TASK GOAL: Every record below is to be copied exactly, with its images omitted.
-- GIVEN DATA follows --
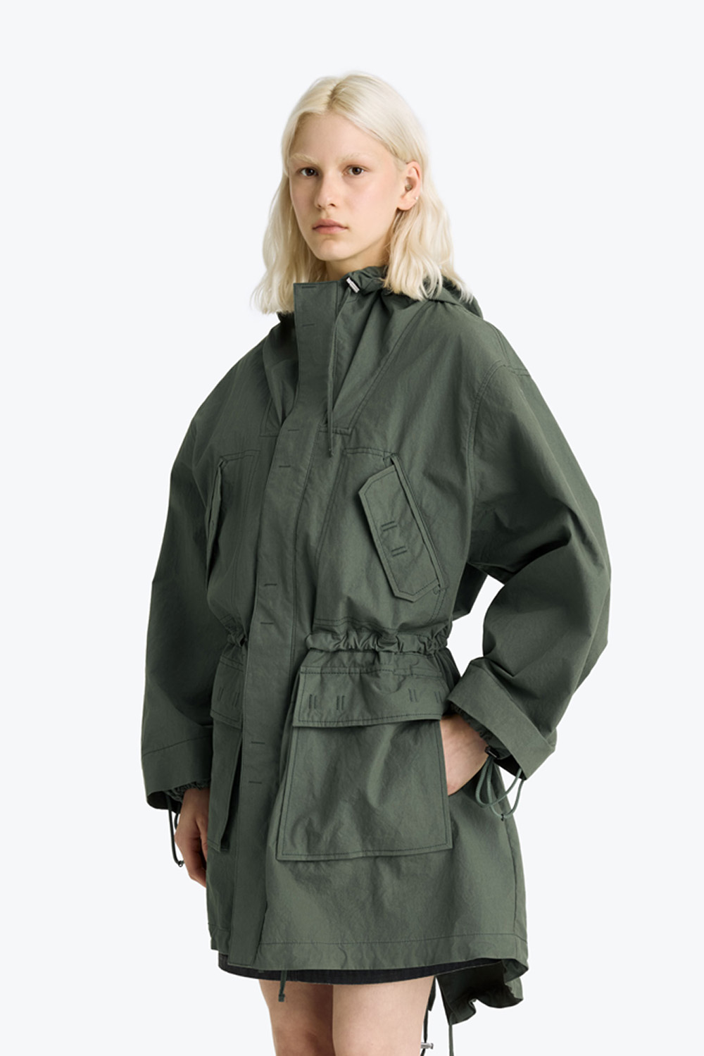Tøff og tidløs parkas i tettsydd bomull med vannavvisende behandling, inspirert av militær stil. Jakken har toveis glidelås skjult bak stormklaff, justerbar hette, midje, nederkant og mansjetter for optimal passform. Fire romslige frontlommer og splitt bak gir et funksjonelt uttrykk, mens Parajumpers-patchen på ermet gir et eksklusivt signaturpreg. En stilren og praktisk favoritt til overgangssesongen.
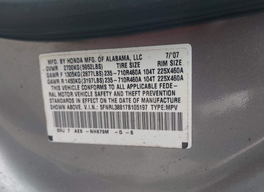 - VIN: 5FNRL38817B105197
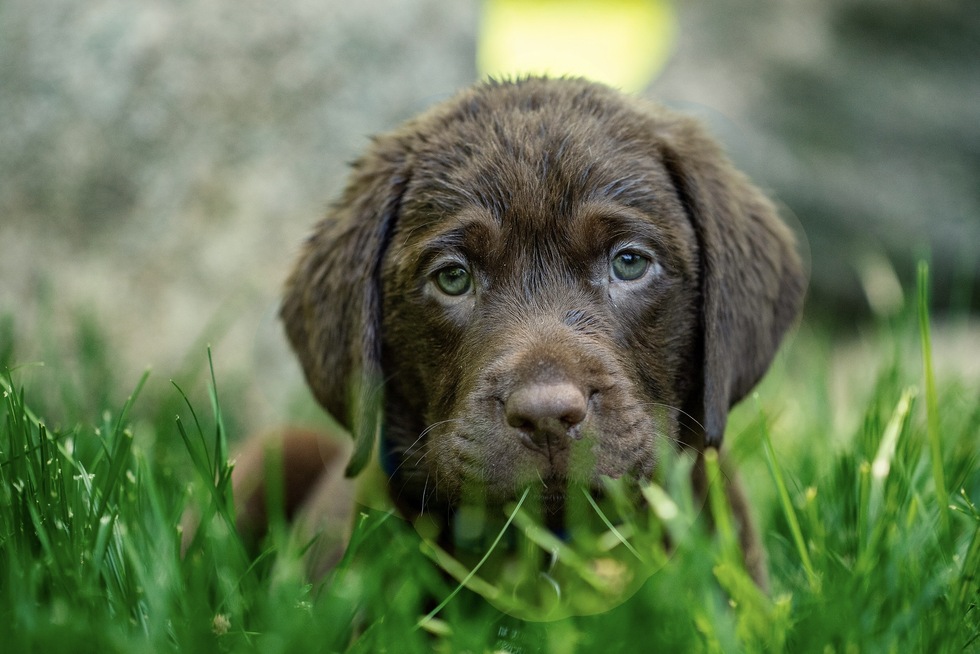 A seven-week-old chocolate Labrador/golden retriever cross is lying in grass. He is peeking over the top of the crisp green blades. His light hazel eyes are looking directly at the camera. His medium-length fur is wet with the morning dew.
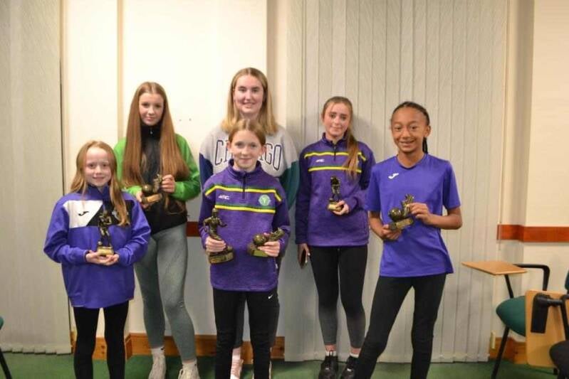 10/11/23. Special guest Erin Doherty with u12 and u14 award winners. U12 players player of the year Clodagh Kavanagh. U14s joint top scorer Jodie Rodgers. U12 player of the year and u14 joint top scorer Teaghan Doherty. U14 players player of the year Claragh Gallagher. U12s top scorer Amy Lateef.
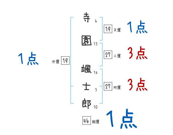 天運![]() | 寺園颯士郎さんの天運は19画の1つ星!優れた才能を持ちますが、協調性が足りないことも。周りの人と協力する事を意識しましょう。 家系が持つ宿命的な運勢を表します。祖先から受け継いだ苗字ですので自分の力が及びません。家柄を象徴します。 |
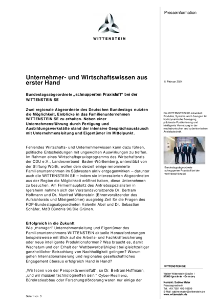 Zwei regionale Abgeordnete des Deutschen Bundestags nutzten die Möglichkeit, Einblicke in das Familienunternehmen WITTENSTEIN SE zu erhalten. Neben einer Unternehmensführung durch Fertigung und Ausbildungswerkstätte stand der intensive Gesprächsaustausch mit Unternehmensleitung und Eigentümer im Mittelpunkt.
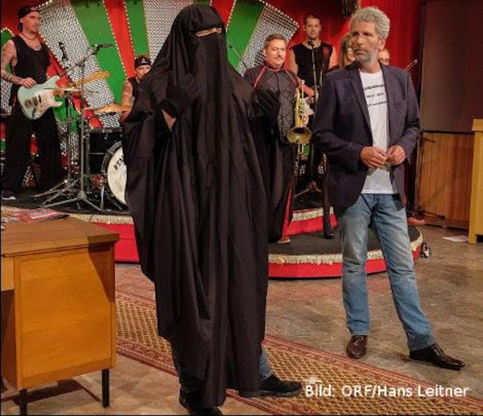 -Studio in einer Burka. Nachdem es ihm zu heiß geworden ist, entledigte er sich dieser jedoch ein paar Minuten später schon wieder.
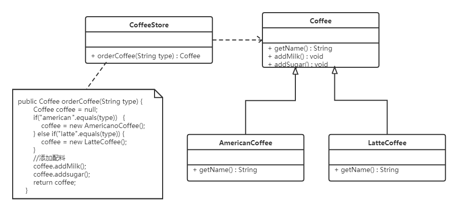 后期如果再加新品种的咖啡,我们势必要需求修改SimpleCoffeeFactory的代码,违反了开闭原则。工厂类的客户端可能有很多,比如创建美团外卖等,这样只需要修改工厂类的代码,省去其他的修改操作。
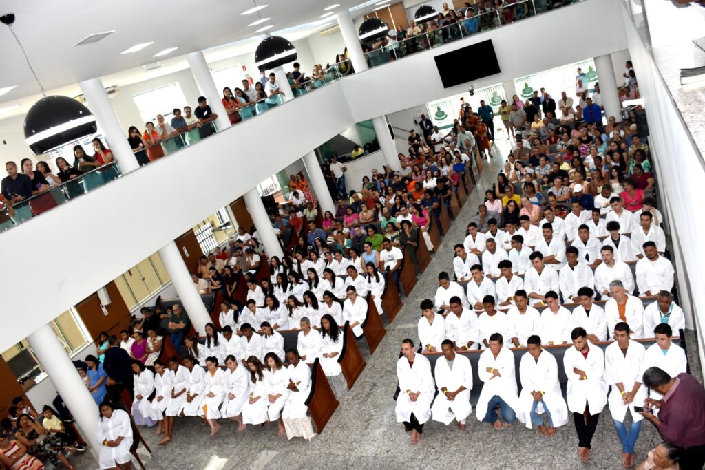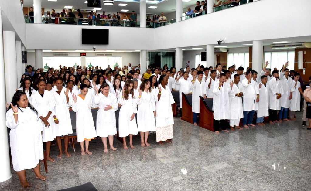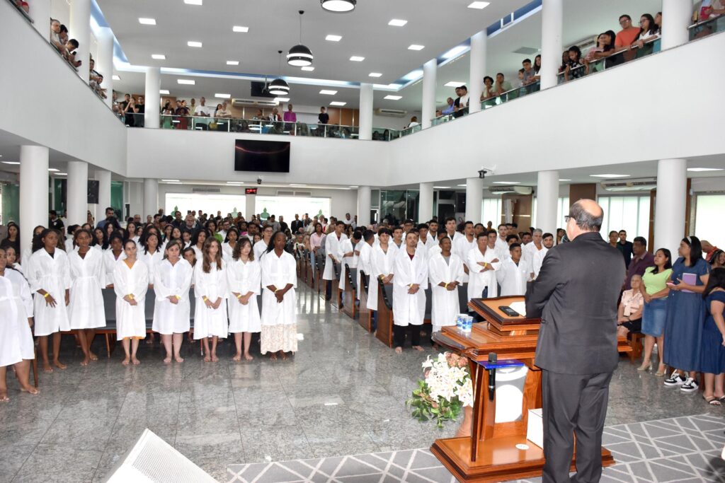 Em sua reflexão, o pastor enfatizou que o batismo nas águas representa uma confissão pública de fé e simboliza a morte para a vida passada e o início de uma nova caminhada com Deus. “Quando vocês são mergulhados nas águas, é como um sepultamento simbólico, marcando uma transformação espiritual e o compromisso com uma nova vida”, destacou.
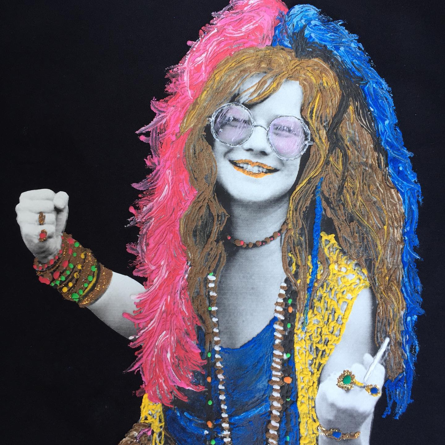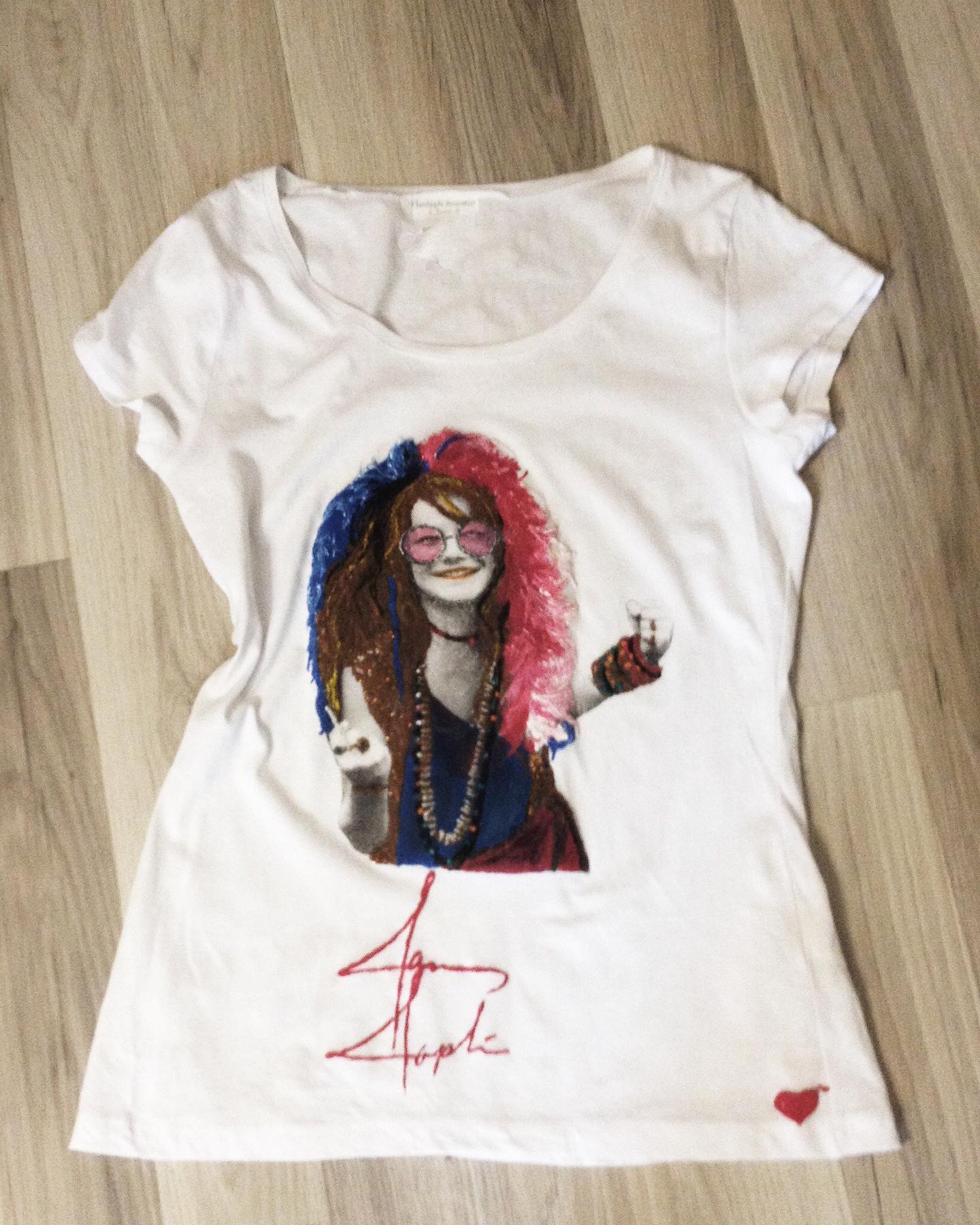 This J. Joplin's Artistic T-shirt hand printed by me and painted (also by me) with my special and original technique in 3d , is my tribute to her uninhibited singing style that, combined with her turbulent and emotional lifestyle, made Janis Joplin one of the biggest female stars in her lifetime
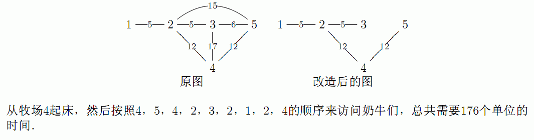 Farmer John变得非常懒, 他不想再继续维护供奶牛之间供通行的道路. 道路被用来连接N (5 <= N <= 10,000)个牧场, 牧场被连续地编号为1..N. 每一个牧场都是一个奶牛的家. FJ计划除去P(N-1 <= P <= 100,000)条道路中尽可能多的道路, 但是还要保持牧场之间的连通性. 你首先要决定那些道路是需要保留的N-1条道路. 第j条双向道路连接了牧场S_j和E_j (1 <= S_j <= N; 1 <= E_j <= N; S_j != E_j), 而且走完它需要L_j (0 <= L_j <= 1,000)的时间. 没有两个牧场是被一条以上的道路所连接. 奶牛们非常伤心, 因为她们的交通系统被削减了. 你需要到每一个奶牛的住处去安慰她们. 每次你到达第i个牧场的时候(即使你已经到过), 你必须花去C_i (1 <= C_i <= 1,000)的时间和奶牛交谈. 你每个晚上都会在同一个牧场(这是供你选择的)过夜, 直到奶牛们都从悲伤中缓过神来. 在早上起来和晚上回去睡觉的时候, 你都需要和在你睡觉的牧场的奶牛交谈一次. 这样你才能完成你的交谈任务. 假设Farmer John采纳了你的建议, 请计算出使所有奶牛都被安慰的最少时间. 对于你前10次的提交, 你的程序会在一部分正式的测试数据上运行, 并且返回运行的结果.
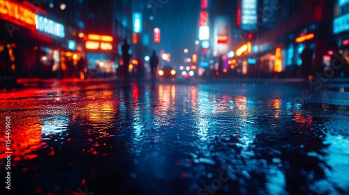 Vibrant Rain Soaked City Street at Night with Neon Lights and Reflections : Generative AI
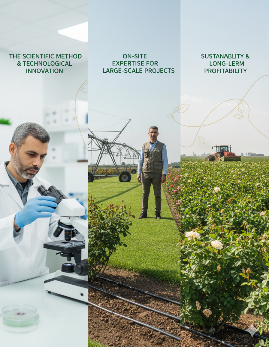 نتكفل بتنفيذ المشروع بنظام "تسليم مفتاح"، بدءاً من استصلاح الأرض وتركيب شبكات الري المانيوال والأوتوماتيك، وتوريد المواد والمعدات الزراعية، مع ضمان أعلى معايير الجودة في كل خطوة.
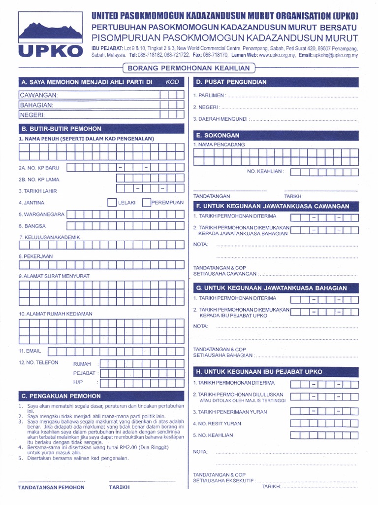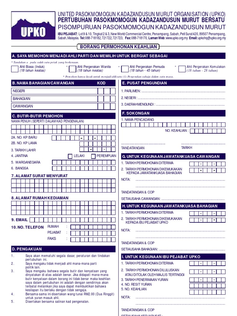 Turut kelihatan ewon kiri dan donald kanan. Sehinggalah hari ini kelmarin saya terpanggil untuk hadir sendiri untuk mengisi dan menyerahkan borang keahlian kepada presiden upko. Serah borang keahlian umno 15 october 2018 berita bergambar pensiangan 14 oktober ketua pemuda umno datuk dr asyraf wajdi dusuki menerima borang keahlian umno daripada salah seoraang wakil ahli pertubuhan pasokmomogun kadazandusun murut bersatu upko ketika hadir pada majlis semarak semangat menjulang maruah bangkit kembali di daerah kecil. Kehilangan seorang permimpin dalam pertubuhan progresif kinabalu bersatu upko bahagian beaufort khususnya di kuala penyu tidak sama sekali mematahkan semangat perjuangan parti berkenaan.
-- GIVEN DATA concluded --
WRITTEN RESPONSE:
Tøff og tidløs parkas i tettsydd bomull med vannavvisende behandling, inspirert av militær stil. Jakken har toveis glidelås skjult bak stormklaff, justerbar hette, midje, nederkant og mansjetter for optimal passform. Fire romslige frontlommer og splitt bak gir et funksjonelt uttrykk, mens Parajumpers-patchen på ermet gir et eksklusivt signaturpreg. En stilren og praktisk favoritt til overgangssesongen.
 - VIN: 5FNRL38817B105197
 A seven-week-old chocolate Labrador/golden retriever cross is lying in grass. He is peeking over the top of the crisp green blades. His light hazel eyes are looking directly at the camera. His medium-length fur is wet with the morning dew.
 10/11/23. Special guest Erin Doherty with u12 and u14 award winners. U12 players player of the year Clodagh Kavanagh. U14s joint top scorer Jodie Rodgers. U12 player of the year and u14 joint top scorer Teaghan Doherty. U14 players player of the year Claragh Gallagher. U12s top scorer Amy Lateef.
 天運![]() | 寺園颯士郎さんの天運は19画の1つ星!優れた才能を持ちますが、協調性が足りないことも。周りの人と協力する事を意識しましょう。 家系が持つ宿命的な運勢を表します。祖先から受け継いだ苗字ですので自分の力が及びません。家柄を象徴します。 |
 Zwei regionale Abgeordnete des Deutschen Bundestags nutzten die Möglichkeit, Einblicke in das Familienunternehmen WITTENSTEIN SE zu erhalten. Neben einer Unternehmensführung durch Fertigung und Ausbildungswerkstätte stand der intensive Gesprächsaustausch mit Unternehmensleitung und Eigentümer im Mittelpunkt.
 -Studio in einer Burka. Nachdem es ihm zu heiß geworden ist, entledigte er sich dieser jedoch ein paar Minuten später schon wieder.
 后期如果再加新品种的咖啡,我们势必要需求修改SimpleCoffeeFactory的代码,违反了开闭原则。工厂类的客户端可能有很多,比如创建美团外卖等,这样只需要修改工厂类的代码,省去其他的修改操作。
 Em sua reflexão, o pastor enfatizou que o batismo nas águas representa uma confissão pública de fé e simboliza a morte para a vida passada e o início de uma nova caminhada com Deus. “Quando vocês são mergulhados nas águas, é como um sepultamento simbólico, marcando uma transformação espiritual e o compromisso com uma nova vida”, destacou.
 This J. Joplin's Artistic T-shirt hand printed by me and painted (also by me) with my special and original technique in 3d , is my tribute to her uninhibited singing style that, combined with her turbulent and emotional lifestyle, made Janis Joplin one of the biggest female stars in her lifetime
 Farmer John变得非常懒, 他不想再继续维护供奶牛之间供通行的道路. 道路被用来连接N (5 <= N <= 10,000)个牧场, 牧场被连续地编号为1..N. 每一个牧场都是一个奶牛的家. FJ计划除去P(N-1 <= P <= 100,000)条道路中尽可能多的道路, 但是还要保持牧场之间的连通性. 你首先要决定那些道路是需要保留的N-1条道路. 第j条双向道路连接了牧场S_j和E_j (1 <= S_j <= N; 1 <= E_j <= N; S_j != E_j), 而且走完它需要L_j (0 <= L_j <= 1,000)的时间. 没有两个牧场是被一条以上的道路所连接. 奶牛们非常伤心, 因为她们的交通系统被削减了. 你需要到每一个奶牛的住处去安慰她们. 每次你到达第i个牧场的时候(即使你已经到过), 你必须花去C_i (1 <= C_i <= 1,000)的时间和奶牛交谈. 你每个晚上都会在同一个牧场(这是供你选择的)过夜, 直到奶牛们都从悲伤中缓过神来. 在早上起来和晚上回去睡觉的时候, 你都需要和在你睡觉的牧场的奶牛交谈一次. 这样你才能完成你的交谈任务. 假设Farmer John采纳了你的建议, 请计算出使所有奶牛都被安慰的最少时间. 对于你前10次的提交, 你的程序会在一部分正式的测试数据上运行, 并且返回运行的结果.
 Vibrant Rain Soaked City Street at Night with Neon Lights and Reflections : Generative AI
 نتكفل بتنفيذ المشروع بنظام "تسليم مفتاح"، بدءاً من استصلاح الأرض وتركيب شبكات الري المانيوال والأوتوماتيك، وتوريد المواد والمعدات الزراعية، مع ضمان أعلى معايير الجودة في كل خطوة.
 Turut kelihatan ewon kiri dan donald kanan. Sehinggalah hari ini kelmarin saya terpanggil untuk hadir sendiri untuk mengisi dan menyerahkan borang keahlian kepada presiden upko. Serah borang keahlian umno 15 october 2018 berita bergambar pensiangan 14 oktober ketua pemuda umno datuk dr asyraf wajdi dusuki menerima borang keahlian umno daripada salah seoraang wakil ahli pertubuhan pasokmomogun kadazandusun murut bersatu upko ketika hadir pada majlis semarak semangat menjulang maruah bangkit kembali di daerah kecil. Kehilangan seorang permimpin dalam pertubuhan progresif kinabalu bersatu upko bahagian beaufort khususnya di kuala penyu tidak sama sekali mematahkan semangat perjuangan parti berkenaan.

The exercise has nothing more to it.